WHAT YOU WILL DO:
Copy nothing from the entries below except the lines from the one containing "عمان - بترا" through the one containing "El Congreso brasileño", and copy those exactly.

INFORMATION PROVIDED:
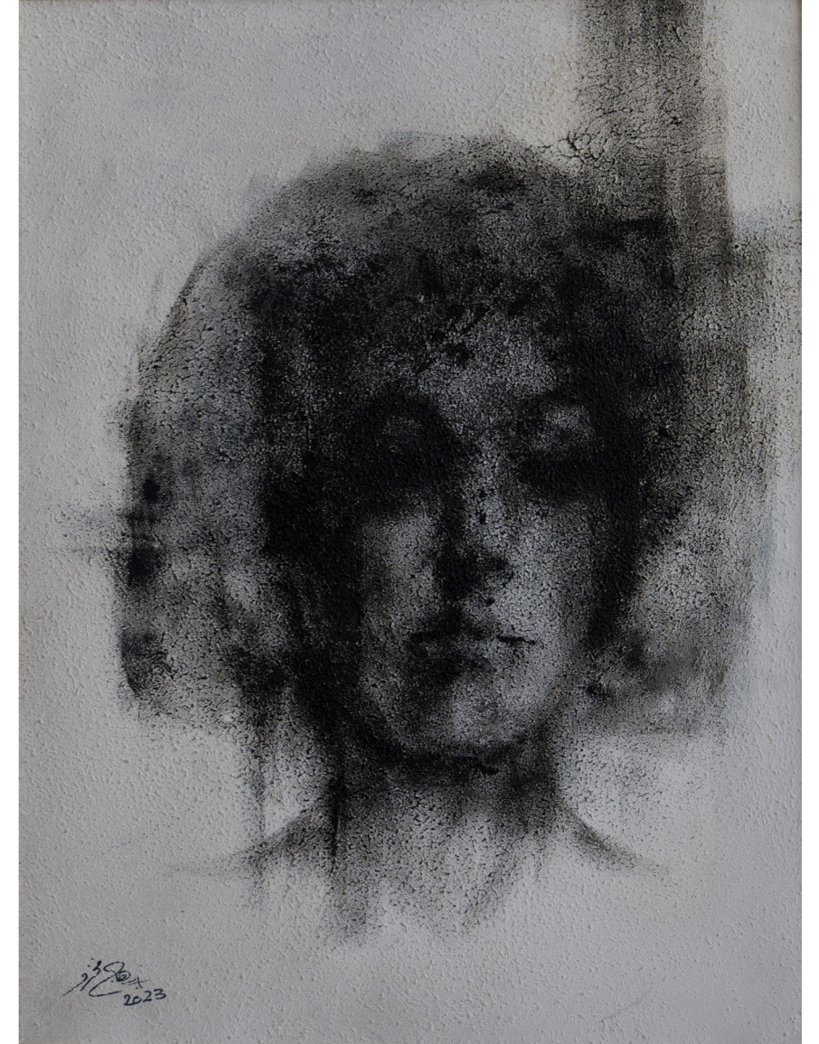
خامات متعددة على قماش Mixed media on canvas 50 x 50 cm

==

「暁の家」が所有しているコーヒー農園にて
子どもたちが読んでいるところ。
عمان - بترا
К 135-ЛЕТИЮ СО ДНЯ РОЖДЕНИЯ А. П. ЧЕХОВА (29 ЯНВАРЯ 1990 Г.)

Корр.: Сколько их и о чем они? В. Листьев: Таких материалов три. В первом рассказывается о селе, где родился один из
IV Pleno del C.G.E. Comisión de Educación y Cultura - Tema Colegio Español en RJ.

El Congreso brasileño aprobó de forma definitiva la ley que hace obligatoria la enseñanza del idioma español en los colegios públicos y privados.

--

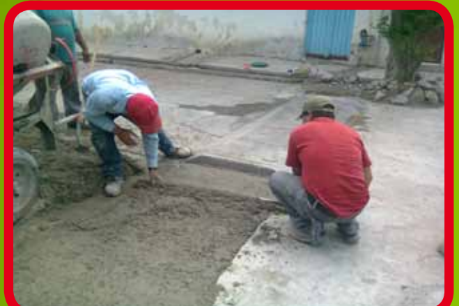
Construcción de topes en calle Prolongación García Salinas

OUTPUT OF THE EXERCISE:
عمان - بترا
К 135-ЛЕТИЮ СО ДНЯ РОЖДЕНИЯ А. П. ЧЕХОВА (29 ЯНВАРЯ 1990 Г.)

Корр.: Сколько их и о чем они? В. Листьев: Таких материалов три. В первом рассказывается о селе, где родился один из
IV Pleno del C.G.E. Comisión de Educación y Cultura - Tema Colegio Español en RJ.

El Congreso brasileño aprobó de forma definitiva la ley que hace obligatoria la enseñanza del idioma español en los colegios públicos y privados.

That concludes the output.